YOUR TASK. A faithful copy of the data is what is wanted, minus any pictures.

DATA SEGMENT.
[Start of section]

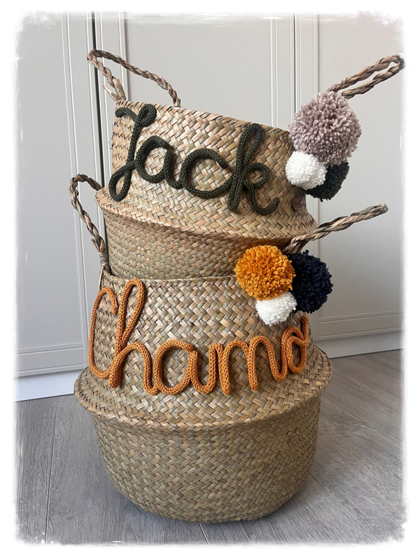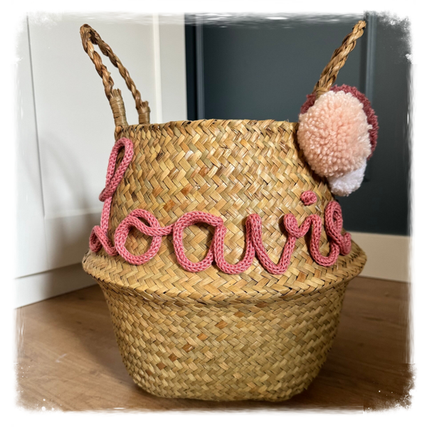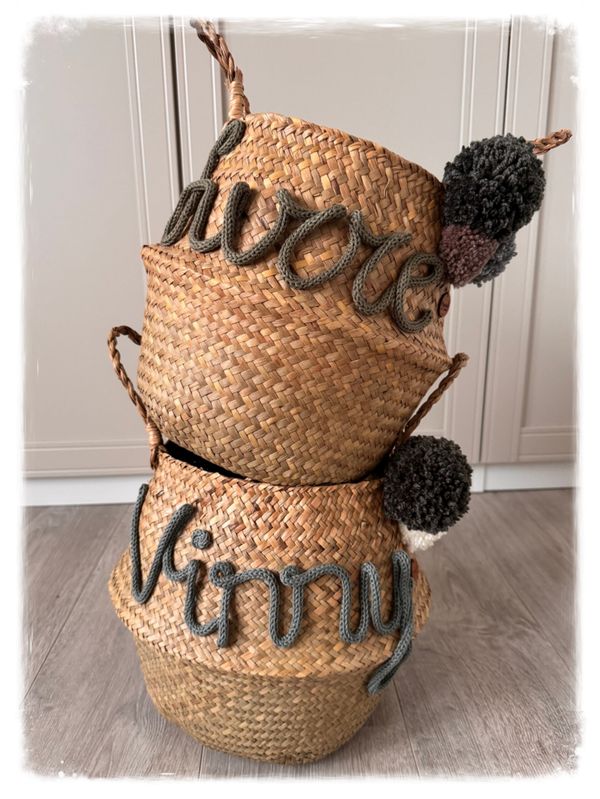 Wil jij een origineel cadeau geven? Laat een mand met naam naar wens maken. Je zou hem nog kunnen vullen met andere cadeautjes.
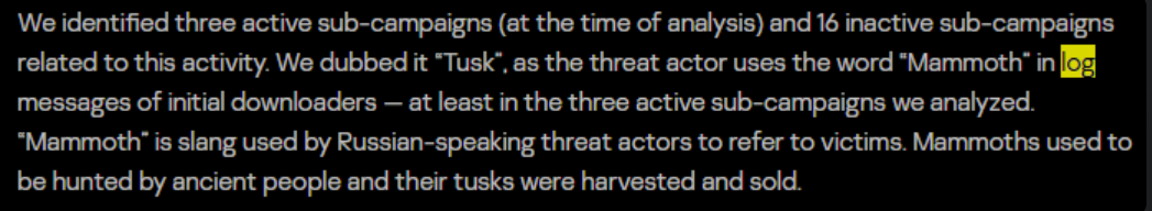 En allant voir l’article de Securelist (celui de Kaspersky étant juste un formulaire de submit), on trouve un article parlant de Tusk, une campagne d’infostealer. En regardant un peu le premier paragraphe, on trouve que le Threat Actor utilise le mot “Mammoth” dans les logs
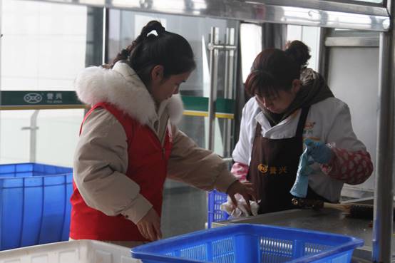 中午12时许,同学们在食堂门口集合,穿上专属的红色志愿服,分别在食堂一楼、二楼的各窗口排队区与回收餐具区进行志愿活动。经有序分工后,部分同学在取餐处维持秩序,营造好取餐排队的良好氛围,还有一些同学帮忙回收餐具,希望大家能在“光盘行动”下更加懂得柴米油盐的来之不易。
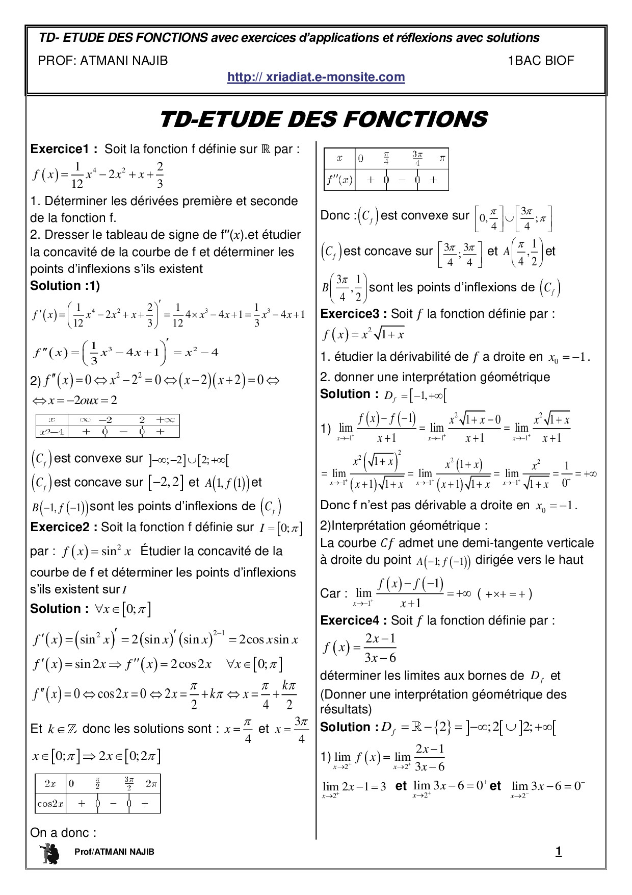 Étude des fonctions numériques - Corrigé série d'exercices 1

[End of section]

THE ANSWER.
 Wil jij een origineel cadeau geven? Laat een mand met naam naar wens maken. Je zou hem nog kunnen vullen met andere cadeautjes.
 En allant voir l’article de Securelist (celui de Kaspersky étant juste un formulaire de submit), on trouve un article parlant de Tusk, une campagne d’infostealer. En regardant un peu le premier paragraphe, on trouve que le Threat Actor utilise le mot “Mammoth” dans les logs
 中午12时许,同学们在食堂门口集合,穿上专属的红色志愿服,分别在食堂一楼、二楼的各窗口排队区与回收餐具区进行志愿活动。经有序分工后,部分同学在取餐处维持秩序,营造好取餐排队的良好氛围,还有一些同学帮忙回收餐具,希望大家能在“光盘行动”下更加懂得柴米油盐的来之不易。
 Étude des fonctions numériques - Corrigé série d'exercices 1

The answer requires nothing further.